··· The data ···
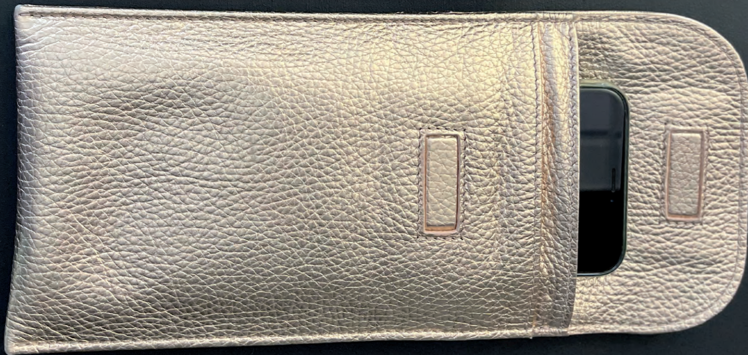
Image: front & back view of phone case
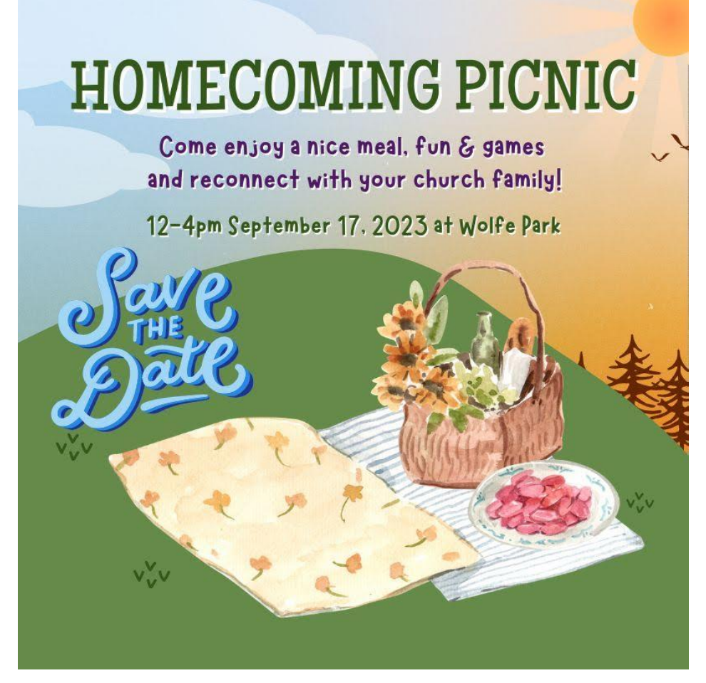
Homecoming picnic signup link:

https://www.signupgenius.com/go/10c0d44a8ac22a2fb6-mcchomecoming
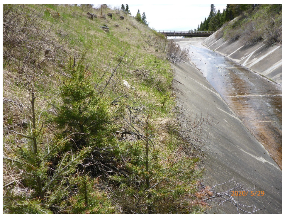
East Fork of Rock Creek Dam Spillway (Granite County)
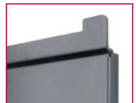
Specially designed safety tabs for secure support
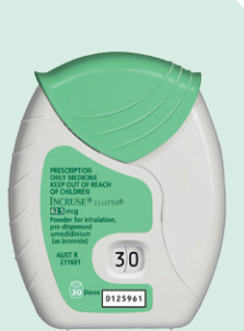
Incruse Ellipta umeclidinium LAMA
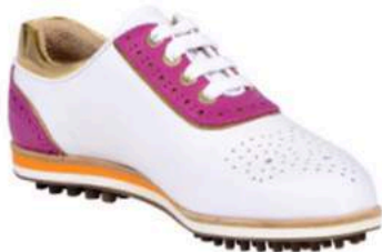
SABRINA - Ladies shoe - white/fuchsia
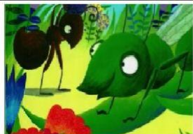
The Ant and the Grasshopper

Slow and steady always gets you where you want to go.
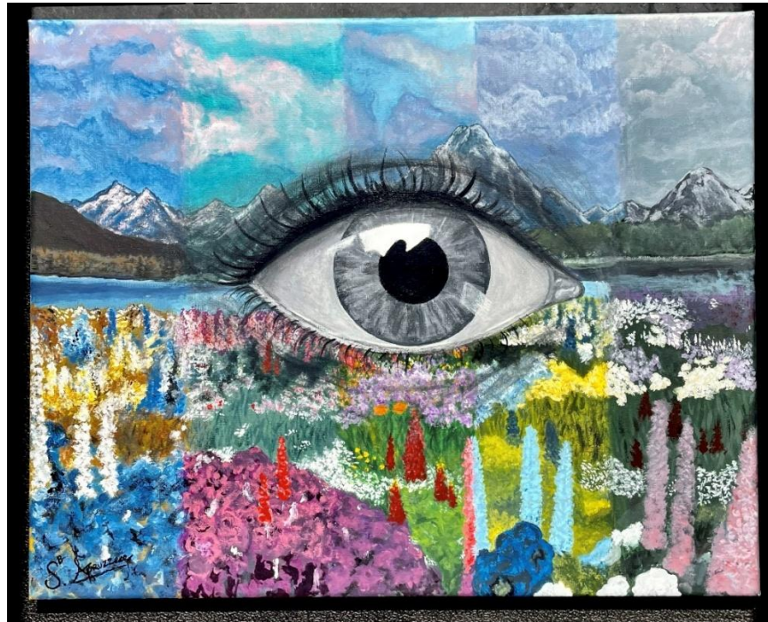
Summer A. Perception In Hues Painting $300

Life is so fast paced, sometimes we can forget to slow down and experience the world around us. Perception varies from person to person, and it can be easy to forget that our perception of the world around us is not the only perspective. In this piece there are 4 different types of colorblindness represented. It depicts how visually impaired people see the world as opposed to non-visually impaired people. We get so used to the world around us that we take such beauty and wonder, like colors for granted. Even though some may see colors differently, that still does not make their world any less beautiful.
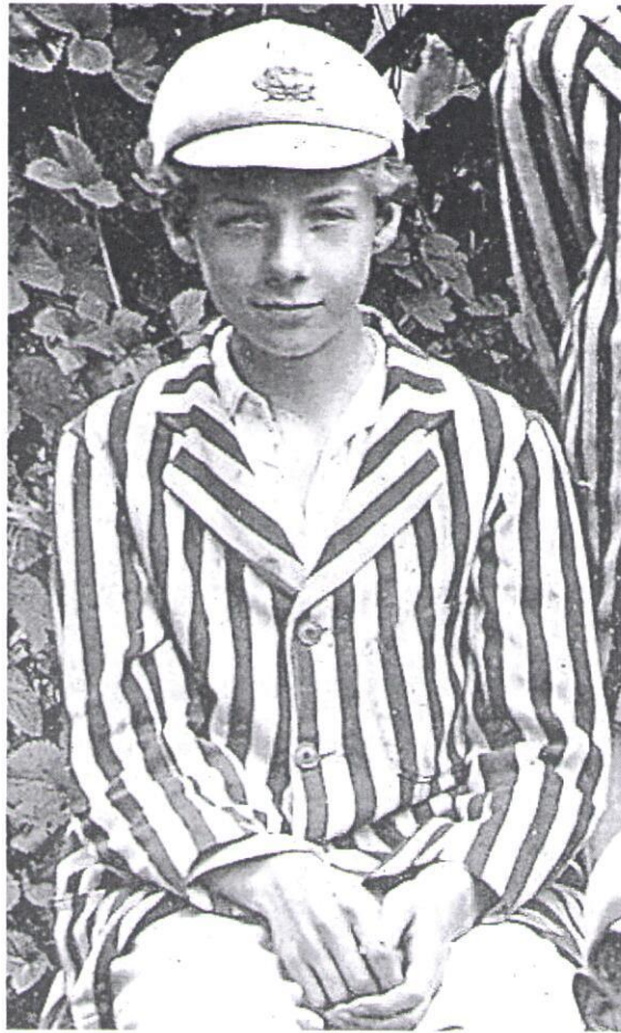
■ Benjamin Britten during his schooldays and above left, a photo of the composer by Hans Wild. Picture: SUBMITTED/HANS WILD/BRITTEN-PEARS FOUNDATION

a remarkable personality he had – good or bad."
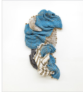
THE NICETIES Poly cord, paper and plywood 70 x 37.5 x 9 in 2023
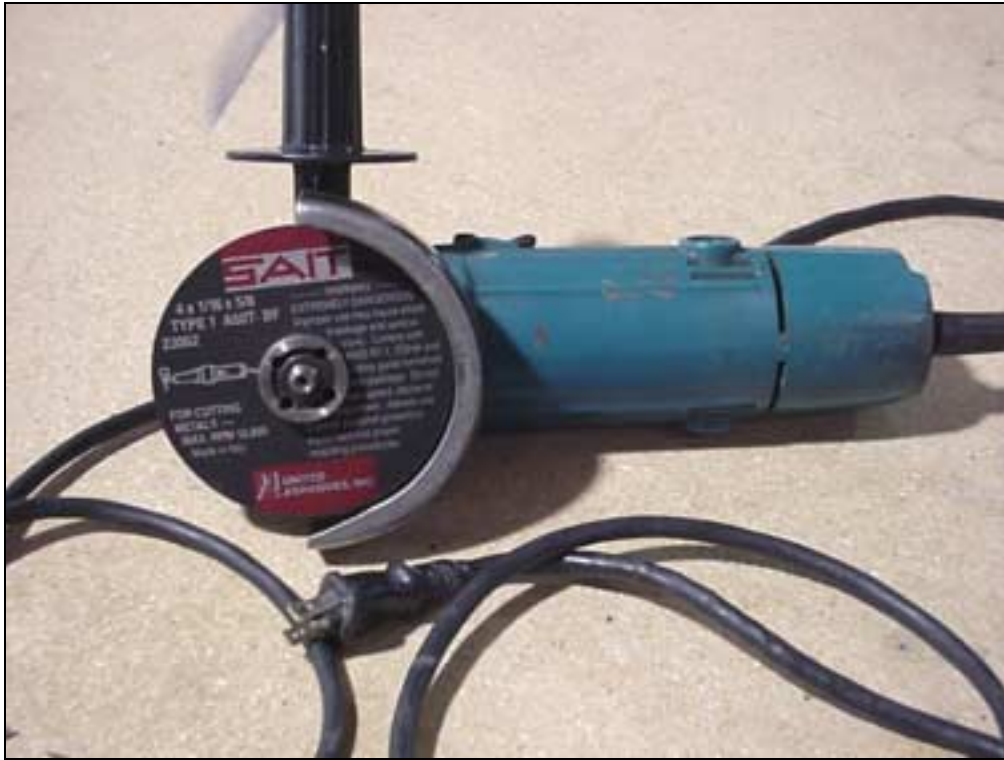
Hand held electric grinder With cutting disk
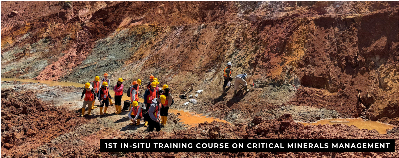
1ST IN-SITU TRAINING COURSE ON CRITICAL MINERALS MANAGEMENT
···
▶ **Work to complete**
Print, exactly and only, the lines running from the line with "Homecoming picnic signup" through the last line of the data, including both. Skip any picture.

▶ **Solved problem**
Homecoming picnic signup link:

https://www.signupgenius.com/go/10c0d44a8ac22a2fb6-mcchomecoming
East Fork of Rock Creek Dam Spillway (Granite County)
Specially designed safety tabs for secure support
Incruse Ellipta umeclidinium LAMA
SABRINA - Ladies shoe - white/fuchsia
The Ant and the Grasshopper

Slow and steady always gets you where you want to go.
Summer A. Perception In Hues Painting $300

Life is so fast paced, sometimes we can forget to slow down and experience the world around us. Perception varies from person to person, and it can be easy to forget that our perception of the world around us is not the only perspective. In this piece there are 4 different types of colorblindness represented. It depicts how visually impaired people see the world as opposed to non-visually impaired people. We get so used to the world around us that we take such beauty and wonder, like colors for granted. Even though some may see colors differently, that still does not make their world any less beautiful.
■ Benjamin Britten during his schooldays and above left, a photo of the composer by Hans Wild. Picture: SUBMITTED/HANS WILD/BRITTEN-PEARS FOUNDATION

a remarkable personality he had – good or bad."
THE NICETIES Poly cord, paper and plywood 70 x 37.5 x 9 in 2023
Hand held electric grinder With cutting disk
1ST IN-SITU TRAINING COURSE ON CRITICAL MINERALS MANAGEMENT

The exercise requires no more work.